Автор и герой в лабиринте идей — страница 20 из 69

.

Миллер, как и Ницше, ставит проблему отчуждения интеллекта в центр своих размышлений и неизменно критикует «сократовский разум», говоря, что этот тип разума «не способен освободить человека»[236]. Как и Ницше, он считает, что жизнь подверглась разложению. Телесное и духовное оказалось разделенным, и европейская культура явила нам разные формы репрессии духа в отношении материи. Человек в миллеровских романах утратил ощущение и осознание своего «я». Он существует в поверхностном мире идей и переживаний, которые составляют неподлинную область его «я». Соответственно, он подчиняется либо стереотипам, рациональным схемам, либо внешним переживаниям, не индивидуальным, а массовым. Искусство, которое атакует Миллер, еврепидовское, не дионисийское по своему инстинкту, реализует эту модель разделения, оно являет собой эффектную форму, заключающую в себе примитивную, стереотипную эмоцию. Миллер критикует романтическое искусство в романах «Тропик Рака», «Черная весна», а также современные ему проявления массовой культуры (см. описания сентиментальных шлягеров в тексте «Aller Retour New York»), косвенно или прямо опираясь на идеи Ницше и его инвективы в адрес аффектированного искусства (Еврипидовой трагедии).

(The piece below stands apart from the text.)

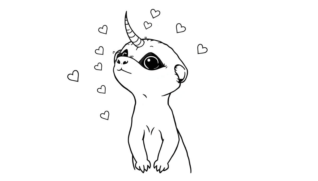 Ontdek deze schattige zwart-witte lijntekening van een eenhoorn stokstaartje, perfect om in te kleuren! Met grote ogen, een spitse hoorn en zwevende hartjes. Ideaal voor creatieve kinderen en liefhebbers van lieve dieren.

Искусство, занятое исключительно поиском формы и стремящееся вызвать эстетическое наслаждение, Миллер отвергает в пользу искусства жизни: «Я не называю поэтами тех, кто сочиняет стихи, рифмованные или нерифмованные. Я называю поэтом того, кто способен полностью изменить мир»[237]. Профессиональное искусство Миллер, вслед за Ницше, описывает в своих романах как искусство, компенсирующее реальность, удовлетворяющее субъективные желания читателя (зрителя, слушателя) и позволяющие ему оставаться пассивным, пребывать в утробном состоянии[238]. Собственно, в этом же состоянии пребывает и сам профессиональный художник. Он не открывает возможностей жизни, а, напротив, подавляет жизнь, закрывается от нее, предъявляя вместо нее схему, идею, строго организованную художественную форму. Форма упорядочивает чувственный опыт, выстраивает его в виде структуры, системы подчинительных связей. Она изгоняет жизнь из материи текста. К примеру, сюжет с завязкой, кульминацией и развязкой дисциплинирует пространство произведения, делает его статичным, прогнозируемым и не соответствующим непредсказуемости и спонтанности жизни. Образ реальности, таким образом, оказывается узнаваемым, привычным, статичным и завершенным, взыскуемым поверхностным субъективным «я» человека.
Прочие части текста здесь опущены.